Working the Oscars is the Holy Grail of catering gigs — it’s reserved for SEAL team-level slingers of hors d’oeuvres. I'm standing in a dark and drafty parking garage, where I’ll be vetted before being allowed anywhere near the Dolby Theatre on Hollywood Boulevard. An exhausted woman in an Arizona State sweatshirt inspects my shirt for proper starching before handing me a questionnaire in which I am asked to detail my gastrointestinal health:

“Have you, in the last two weeks, experienced any of the following?

Check yes or no: Nausea? Diarrhea? Excessive gas? Belching?”

Listen, I understand that no one wants Amy Adams to get infected with embarrassing bathroom issues on her big night, but detailing my bowel habits to a non-medical professional in the concrete shadows of a parking garage steals a small part of my ego that I will never get back.
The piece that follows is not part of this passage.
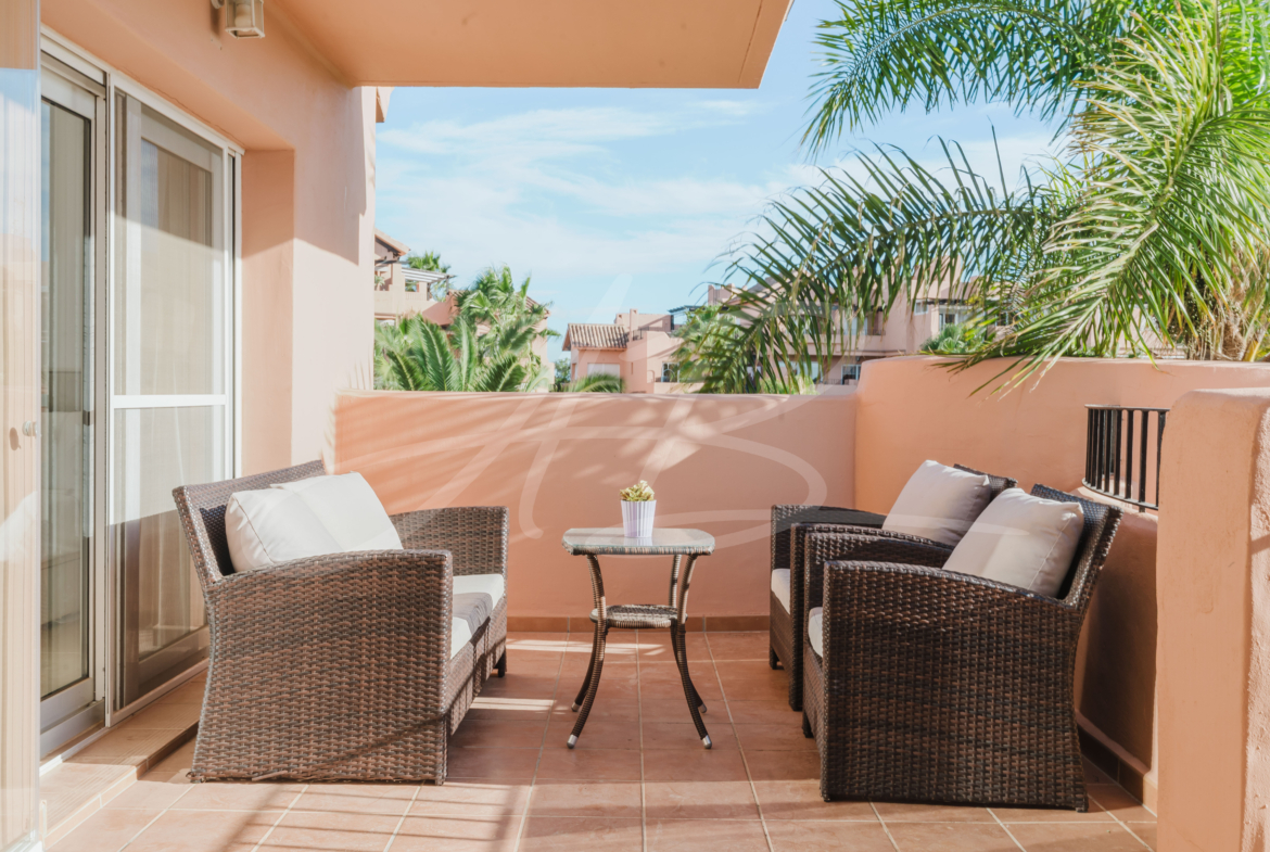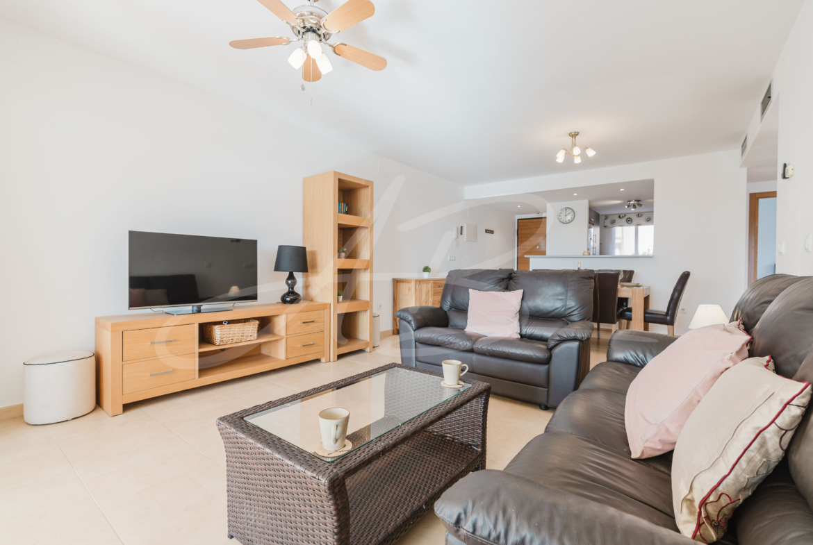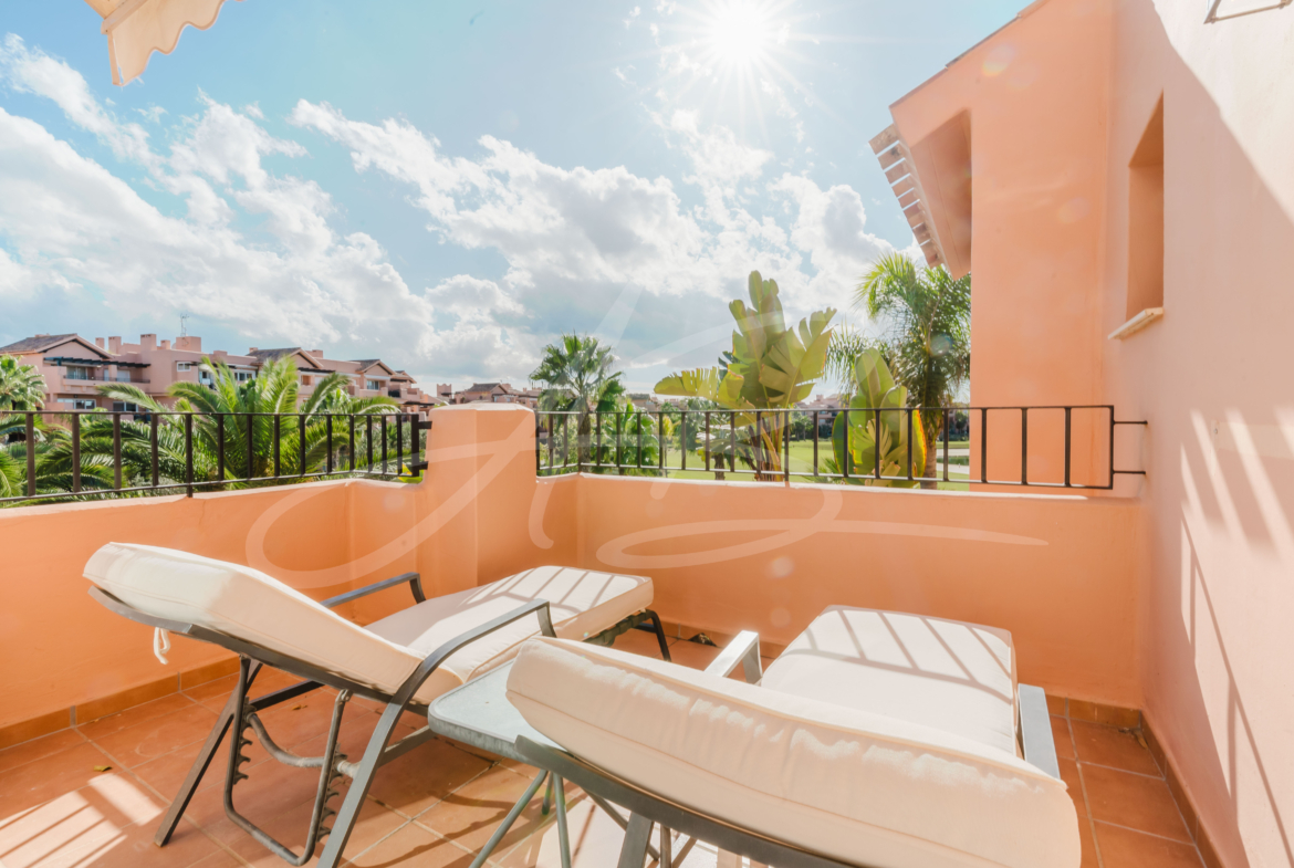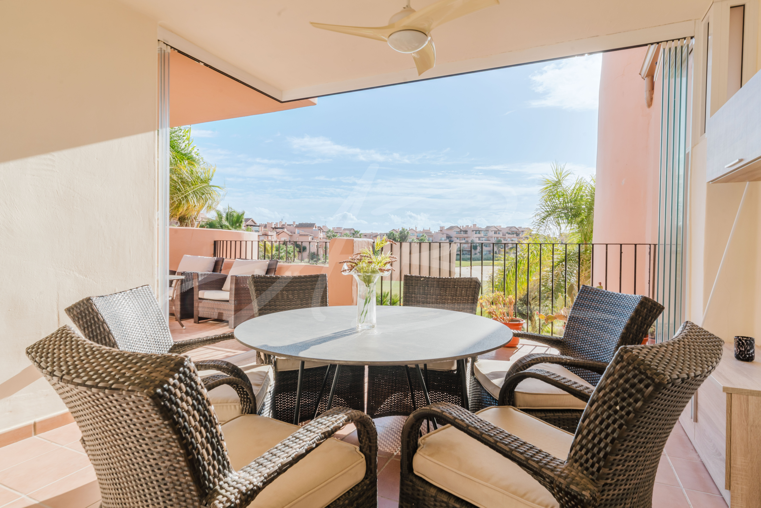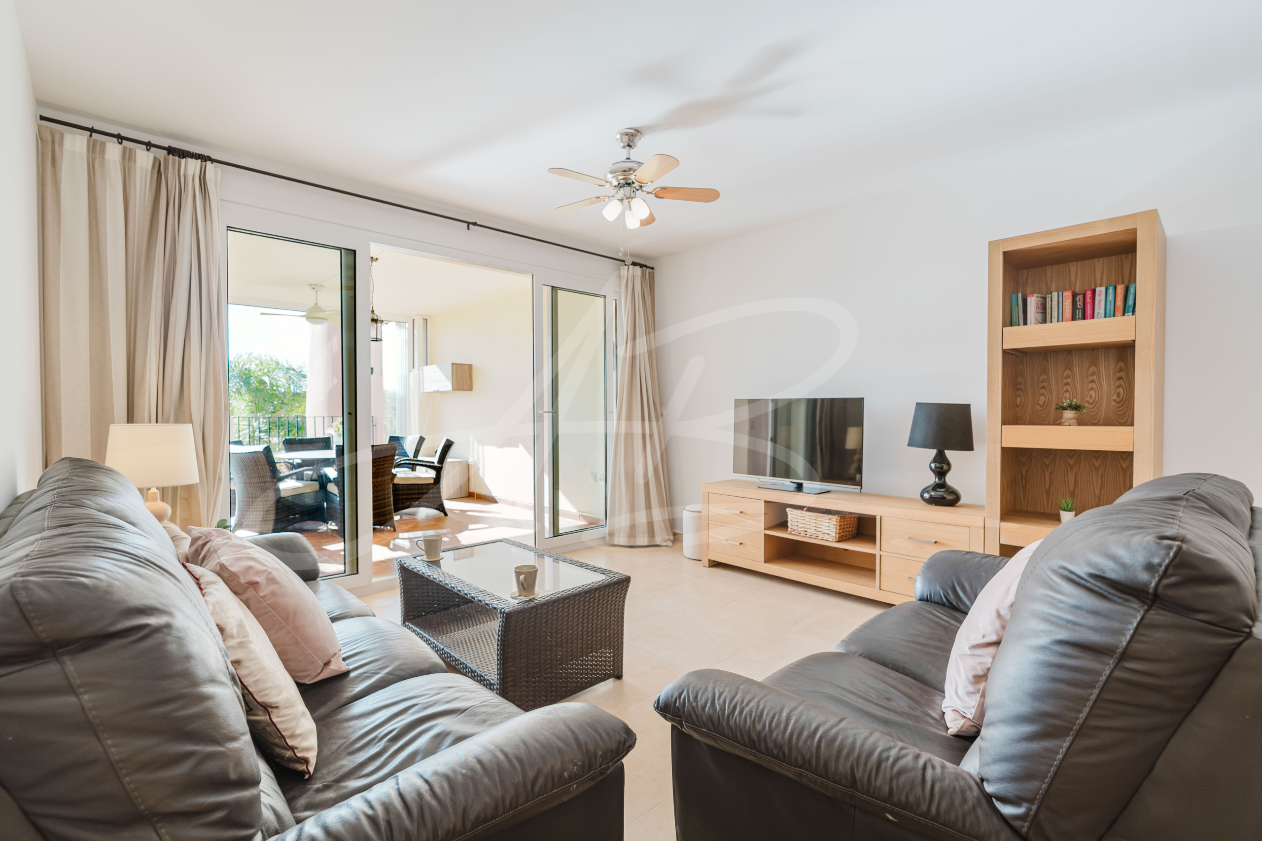 A stunning three bedroom, two bath apartment situated in the highly regarded Melvin Community on Mar Menor Golf Resort, combining outstanding outdoor sun terraces, stunning views, quality finishes and a premium position in the resort. Each of the three bedrooms opens directly onto its own private terrace, creating an exceptional connection between indoor and outdoor living. The main bedroom features its own ensuite bathroom and direct access — together with the lounge — to the generous main terrace, which enjoys sweeping views across the lake and the golf course. The two further bedrooms each open onto terraces overlooking the communal swimming pool, offering sun-filled, relaxing spaces in their own right.

But it’s Oscar Sunday. I shake it off.

2:02 p.m.: The streets of Hollywood

I’m on a bus filled with the other A-team cater waiters and we’re barreling down Hollywood Boulevard. The streets are barricaded and gawkers ogle us from the other side of eight-foot-high chain link fences. I’ve never been chauffeured down a barricaded street and it dawns on me this is the closest I’ll ever get to feeling like the Pope.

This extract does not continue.